- Born: 1511 Modena, Duchy of Modena and Reggio
- Died: 1578 (aged 66–67)
- Writing career
- Language: Hebrew

= Abraham ben Daniel =

Abraham ben Daniel of Modena (אברהם בן דניאל ממודינה; 1511–1578) was an Italian poet and rabbi.

==Biography==
Abraham ben Daniel was born in the northern Italian city of Modena in the summer of 1511. He went abroad in the winter of 1530, first to Mantua, where he was a tutor with four families for six years. He was afterwards a tutor at Viadana, Modena, Rivarolo, Arezzo, and Forlì, and finally he became rabbi at Ferrara.

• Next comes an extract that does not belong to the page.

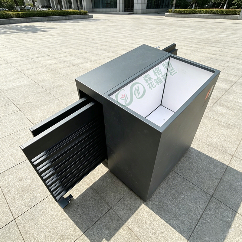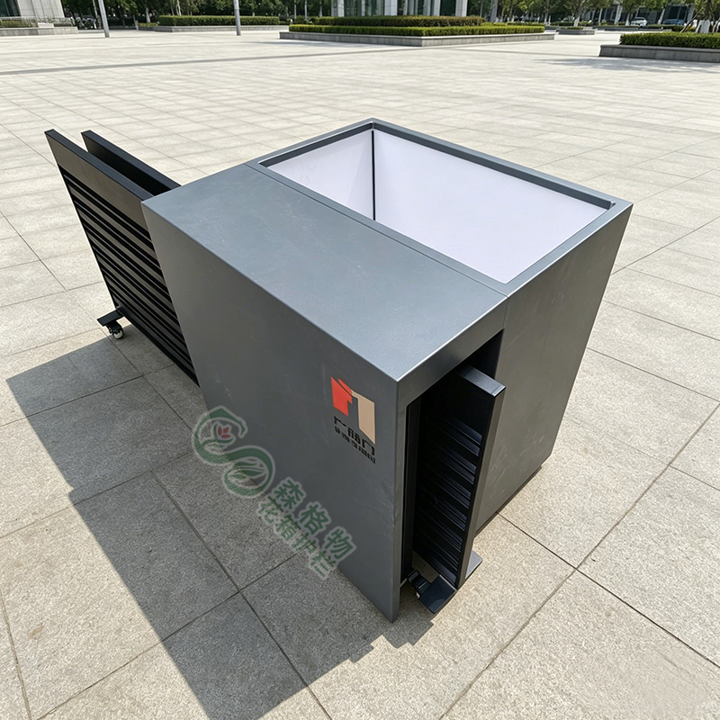 花箱主体:采用方正的箱体造型,边角做平滑过渡处理,避免尖锐磕碰;箱体表面为哑光喷涂工艺,质感细腻,不易留指纹与划痕;箱体侧面预留品牌标识位,可定制专属标识,适配不同场景的品牌展示需求;箱体内部为白色防水内胆,便于绿植种植与清洁维护。

From 1536 to 1552, despite persistent medical issues, he composed over a thousand poetical prayers in various metre and forms, mostly in Hebrew but with six in Aramaic. Several of the poems were autobiographical, written for friends, or based on historical events. One of them is in honour of his cousin Hadassah, whom he married in October 1539. A manuscript collection of his prayers in the Bodleian Library (as of 1901) bears the title Sefer ha-Yashar ('The Book of the Righteous').

According to Adolf Neubauer, Abraham ben Daniel "had not the slightest poetical talent."